:: Source records ::
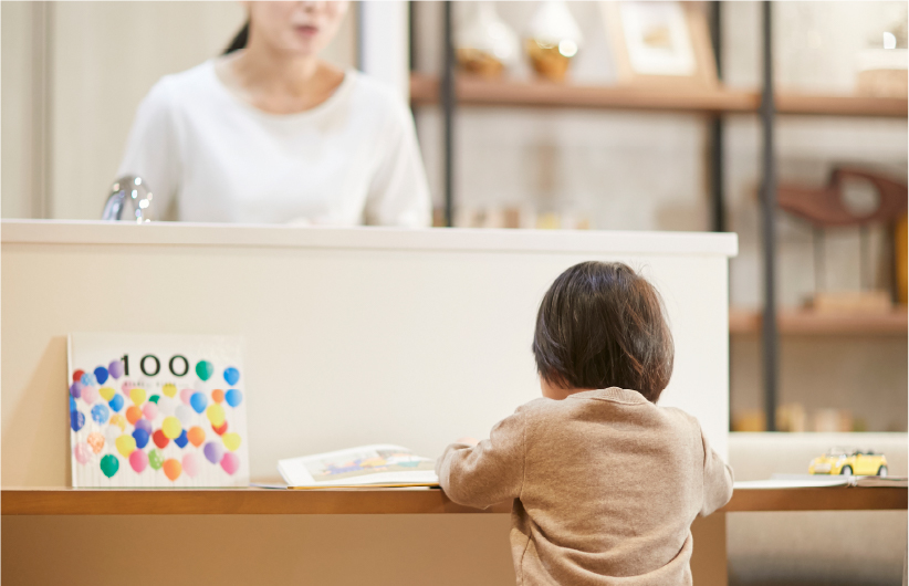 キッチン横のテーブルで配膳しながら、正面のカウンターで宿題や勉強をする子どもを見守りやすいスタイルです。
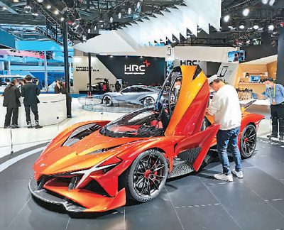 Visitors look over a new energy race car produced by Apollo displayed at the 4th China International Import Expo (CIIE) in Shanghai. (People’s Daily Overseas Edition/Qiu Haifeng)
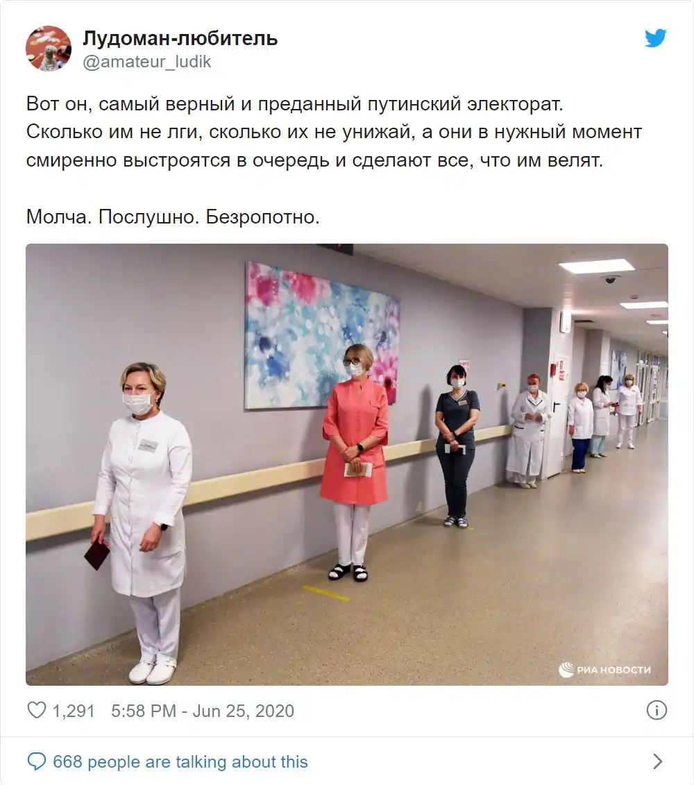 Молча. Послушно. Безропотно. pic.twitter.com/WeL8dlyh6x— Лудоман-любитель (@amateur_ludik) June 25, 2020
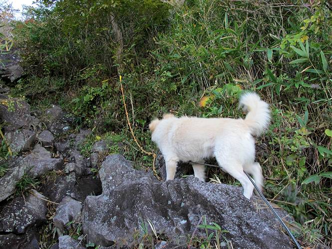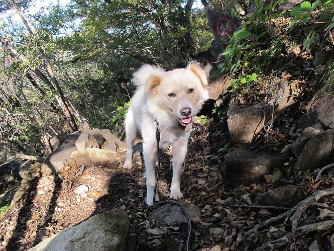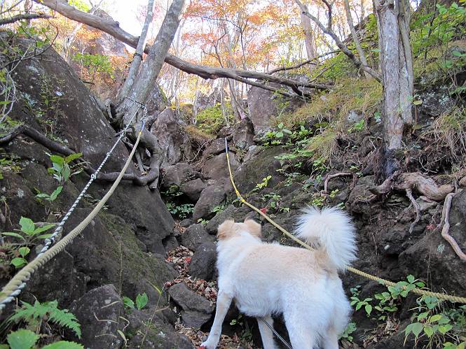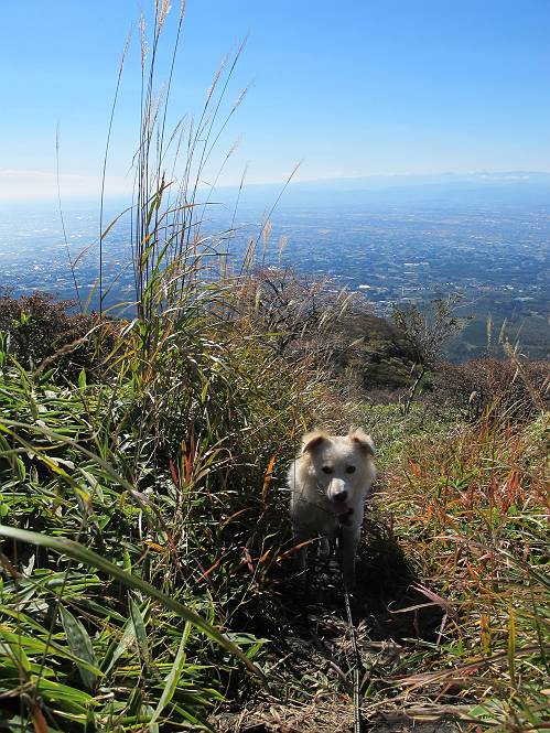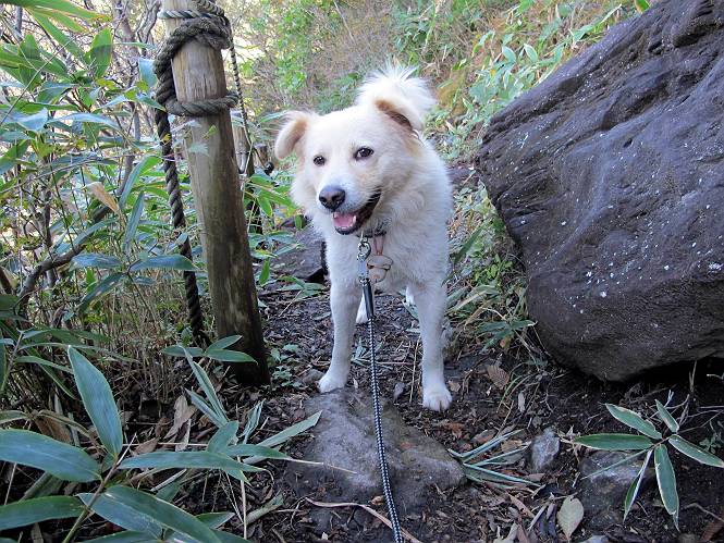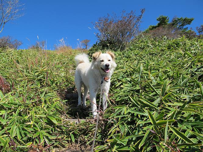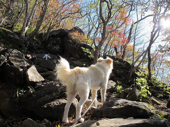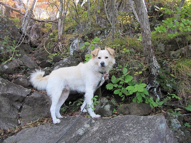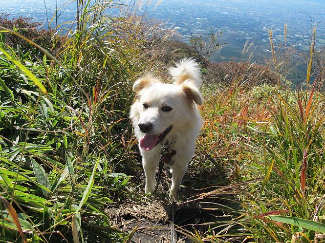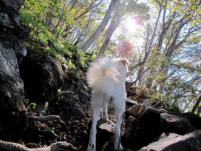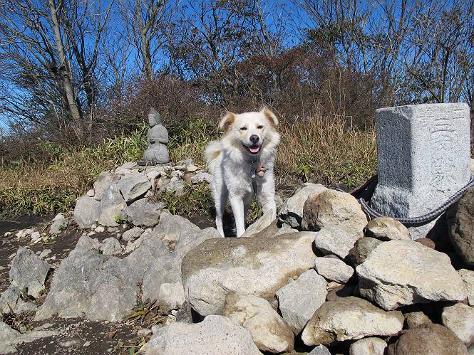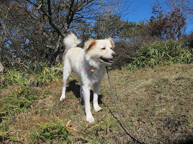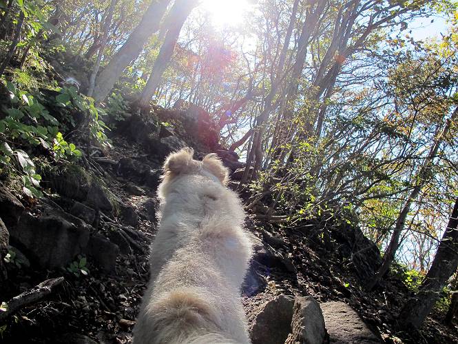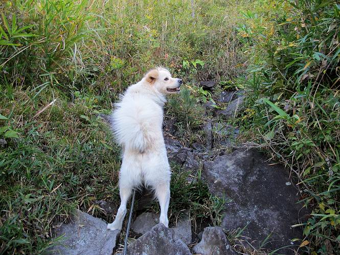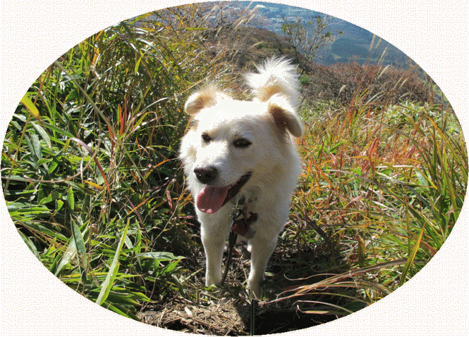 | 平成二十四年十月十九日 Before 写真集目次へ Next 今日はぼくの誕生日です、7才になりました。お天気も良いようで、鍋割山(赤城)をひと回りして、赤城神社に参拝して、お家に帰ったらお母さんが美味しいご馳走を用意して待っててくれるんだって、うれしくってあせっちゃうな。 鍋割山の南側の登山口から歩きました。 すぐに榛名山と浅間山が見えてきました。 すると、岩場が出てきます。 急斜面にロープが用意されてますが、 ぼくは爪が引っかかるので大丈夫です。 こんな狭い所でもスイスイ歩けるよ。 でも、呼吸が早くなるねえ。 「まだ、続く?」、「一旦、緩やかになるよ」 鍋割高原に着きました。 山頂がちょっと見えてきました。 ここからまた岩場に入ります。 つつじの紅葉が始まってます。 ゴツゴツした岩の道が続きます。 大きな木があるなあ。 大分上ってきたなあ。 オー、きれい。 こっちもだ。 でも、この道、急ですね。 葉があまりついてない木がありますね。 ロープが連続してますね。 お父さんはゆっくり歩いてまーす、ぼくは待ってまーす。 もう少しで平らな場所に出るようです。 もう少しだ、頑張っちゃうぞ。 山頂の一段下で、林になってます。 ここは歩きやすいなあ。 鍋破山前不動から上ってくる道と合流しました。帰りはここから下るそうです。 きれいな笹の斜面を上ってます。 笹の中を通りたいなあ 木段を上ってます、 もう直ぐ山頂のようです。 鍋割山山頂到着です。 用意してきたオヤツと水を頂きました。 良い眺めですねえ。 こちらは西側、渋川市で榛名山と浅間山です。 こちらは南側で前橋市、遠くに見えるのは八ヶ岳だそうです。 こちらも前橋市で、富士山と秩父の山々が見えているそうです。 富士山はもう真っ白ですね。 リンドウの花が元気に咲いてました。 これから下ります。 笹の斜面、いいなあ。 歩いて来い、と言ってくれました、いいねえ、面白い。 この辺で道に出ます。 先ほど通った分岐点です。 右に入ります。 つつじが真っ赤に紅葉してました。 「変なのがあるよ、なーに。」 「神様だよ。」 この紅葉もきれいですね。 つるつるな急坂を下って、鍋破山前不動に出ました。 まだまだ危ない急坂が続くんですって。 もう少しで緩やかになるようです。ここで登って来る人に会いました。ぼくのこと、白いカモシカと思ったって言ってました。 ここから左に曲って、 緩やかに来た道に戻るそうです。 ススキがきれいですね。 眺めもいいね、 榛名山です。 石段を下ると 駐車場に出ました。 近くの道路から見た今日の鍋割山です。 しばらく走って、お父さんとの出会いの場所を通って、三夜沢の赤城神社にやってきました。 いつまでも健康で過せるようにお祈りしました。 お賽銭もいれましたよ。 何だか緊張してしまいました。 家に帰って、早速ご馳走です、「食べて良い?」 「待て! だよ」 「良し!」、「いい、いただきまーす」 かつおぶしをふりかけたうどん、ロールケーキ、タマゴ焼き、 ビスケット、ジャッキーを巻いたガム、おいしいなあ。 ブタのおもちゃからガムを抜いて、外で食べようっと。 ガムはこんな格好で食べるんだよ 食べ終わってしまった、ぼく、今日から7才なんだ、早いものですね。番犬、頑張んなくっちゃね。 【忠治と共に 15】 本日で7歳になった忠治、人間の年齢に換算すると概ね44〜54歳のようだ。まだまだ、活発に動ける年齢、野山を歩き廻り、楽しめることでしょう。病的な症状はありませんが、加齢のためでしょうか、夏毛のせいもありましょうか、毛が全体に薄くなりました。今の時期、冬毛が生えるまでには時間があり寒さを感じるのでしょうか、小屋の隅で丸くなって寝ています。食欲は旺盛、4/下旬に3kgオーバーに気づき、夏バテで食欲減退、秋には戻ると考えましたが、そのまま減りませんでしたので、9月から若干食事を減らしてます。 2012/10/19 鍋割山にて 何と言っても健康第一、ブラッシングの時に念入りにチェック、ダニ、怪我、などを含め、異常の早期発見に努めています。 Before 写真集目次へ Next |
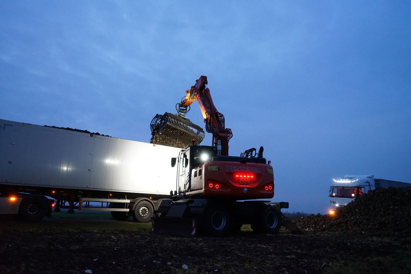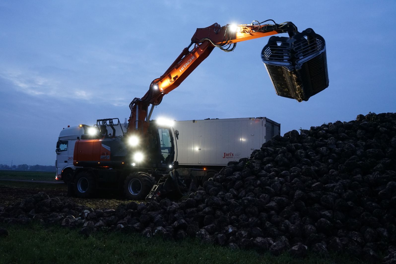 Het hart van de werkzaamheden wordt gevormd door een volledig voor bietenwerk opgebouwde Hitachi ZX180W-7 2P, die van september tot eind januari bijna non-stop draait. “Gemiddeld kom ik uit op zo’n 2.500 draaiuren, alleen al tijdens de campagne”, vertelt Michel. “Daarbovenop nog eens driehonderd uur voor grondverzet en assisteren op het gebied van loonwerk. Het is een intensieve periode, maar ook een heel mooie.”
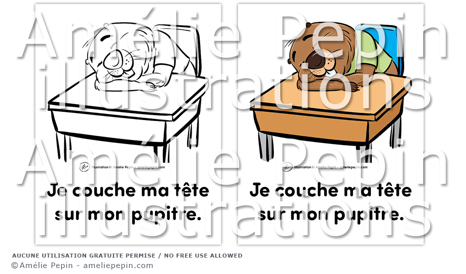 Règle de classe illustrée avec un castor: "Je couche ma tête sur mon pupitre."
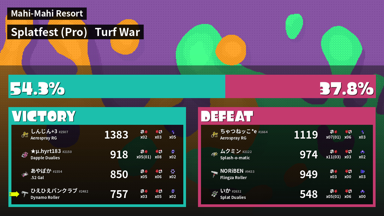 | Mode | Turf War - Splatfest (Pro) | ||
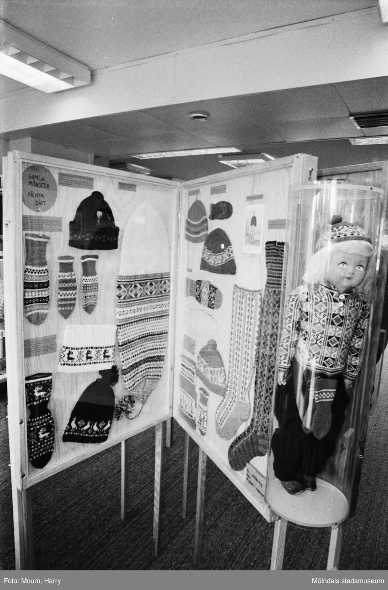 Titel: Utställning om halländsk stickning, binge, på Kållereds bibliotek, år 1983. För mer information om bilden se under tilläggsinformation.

:: What you should do ::
Go through the material above and print all of it exactly, except the pictures.

:: Solution below ::
 キッチン横のテーブルで配膳しながら、正面のカウンターで宿題や勉強をする子どもを見守りやすいスタイルです。
 Visitors look over a new energy race car produced by Apollo displayed at the 4th China International Import Expo (CIIE) in Shanghai. (People’s Daily Overseas Edition/Qiu Haifeng)
 Молча. Послушно. Безропотно. pic.twitter.com/WeL8dlyh6x— Лудоман-любитель (@amateur_ludik) June 25, 2020
 | 平成二十四年十月十九日 Before 写真集目次へ Next 今日はぼくの誕生日です、7才になりました。お天気も良いようで、鍋割山(赤城)をひと回りして、赤城神社に参拝して、お家に帰ったらお母さんが美味しいご馳走を用意して待っててくれるんだって、うれしくってあせっちゃうな。 鍋割山の南側の登山口から歩きました。 すぐに榛名山と浅間山が見えてきました。 すると、岩場が出てきます。 急斜面にロープが用意されてますが、 ぼくは爪が引っかかるので大丈夫です。 こんな狭い所でもスイスイ歩けるよ。 でも、呼吸が早くなるねえ。 「まだ、続く?」、「一旦、緩やかになるよ」 鍋割高原に着きました。 山頂がちょっと見えてきました。 ここからまた岩場に入ります。 つつじの紅葉が始まってます。 ゴツゴツした岩の道が続きます。 大きな木があるなあ。 大分上ってきたなあ。 オー、きれい。 こっちもだ。 でも、この道、急ですね。 葉があまりついてない木がありますね。 ロープが連続してますね。 お父さんはゆっくり歩いてまーす、ぼくは待ってまーす。 もう少しで平らな場所に出るようです。 もう少しだ、頑張っちゃうぞ。 山頂の一段下で、林になってます。 ここは歩きやすいなあ。 鍋破山前不動から上ってくる道と合流しました。帰りはここから下るそうです。 きれいな笹の斜面を上ってます。 笹の中を通りたいなあ 木段を上ってます、 もう直ぐ山頂のようです。 鍋割山山頂到着です。 用意してきたオヤツと水を頂きました。 良い眺めですねえ。 こちらは西側、渋川市で榛名山と浅間山です。 こちらは南側で前橋市、遠くに見えるのは八ヶ岳だそうです。 こちらも前橋市で、富士山と秩父の山々が見えているそうです。 富士山はもう真っ白ですね。 リンドウの花が元気に咲いてました。 これから下ります。 笹の斜面、いいなあ。 歩いて来い、と言ってくれました、いいねえ、面白い。 この辺で道に出ます。 先ほど通った分岐点です。 右に入ります。 つつじが真っ赤に紅葉してました。 「変なのがあるよ、なーに。」 「神様だよ。」 この紅葉もきれいですね。 つるつるな急坂を下って、鍋破山前不動に出ました。 まだまだ危ない急坂が続くんですって。 もう少しで緩やかになるようです。ここで登って来る人に会いました。ぼくのこと、白いカモシカと思ったって言ってました。 ここから左に曲って、 緩やかに来た道に戻るそうです。 ススキがきれいですね。 眺めもいいね、 榛名山です。 石段を下ると 駐車場に出ました。 近くの道路から見た今日の鍋割山です。 しばらく走って、お父さんとの出会いの場所を通って、三夜沢の赤城神社にやってきました。 いつまでも健康で過せるようにお祈りしました。 お賽銭もいれましたよ。 何だか緊張してしまいました。 家に帰って、早速ご馳走です、「食べて良い?」 「待て! だよ」 「良し!」、「いい、いただきまーす」 かつおぶしをふりかけたうどん、ロールケーキ、タマゴ焼き、 ビスケット、ジャッキーを巻いたガム、おいしいなあ。 ブタのおもちゃからガムを抜いて、外で食べようっと。 ガムはこんな格好で食べるんだよ 食べ終わってしまった、ぼく、今日から7才なんだ、早いものですね。番犬、頑張んなくっちゃね。 【忠治と共に 15】 本日で7歳になった忠治、人間の年齢に換算すると概ね44〜54歳のようだ。まだまだ、活発に動ける年齢、野山を歩き廻り、楽しめることでしょう。病的な症状はありませんが、加齢のためでしょうか、夏毛のせいもありましょうか、毛が全体に薄くなりました。今の時期、冬毛が生えるまでには時間があり寒さを感じるのでしょうか、小屋の隅で丸くなって寝ています。食欲は旺盛、4/下旬に3kgオーバーに気づき、夏バテで食欲減退、秋には戻ると考えましたが、そのまま減りませんでしたので、9月から若干食事を減らしてます。 2012/10/19 鍋割山にて 何と言っても健康第一、ブラッシングの時に念入りにチェック、ダニ、怪我、などを含め、異常の早期発見に努めています。 Before 写真集目次へ Next |
 Het hart van de werkzaamheden wordt gevormd door een volledig voor bietenwerk opgebouwde Hitachi ZX180W-7 2P, die van september tot eind januari bijna non-stop draait. “Gemiddeld kom ik uit op zo’n 2.500 draaiuren, alleen al tijdens de campagne”, vertelt Michel. “Daarbovenop nog eens driehonderd uur voor grondverzet en assisteren op het gebied van loonwerk. Het is een intensieve periode, maar ook een heel mooie.”
 Règle de classe illustrée avec un castor: "Je couche ma tête sur mon pupitre."
 | Mode | Turf War - Splatfest (Pro) | ||
 Titel: Utställning om halländsk stickning, binge, på Kållereds bibliotek, år 1983. För mer information om bilden se under tilläggsinformation.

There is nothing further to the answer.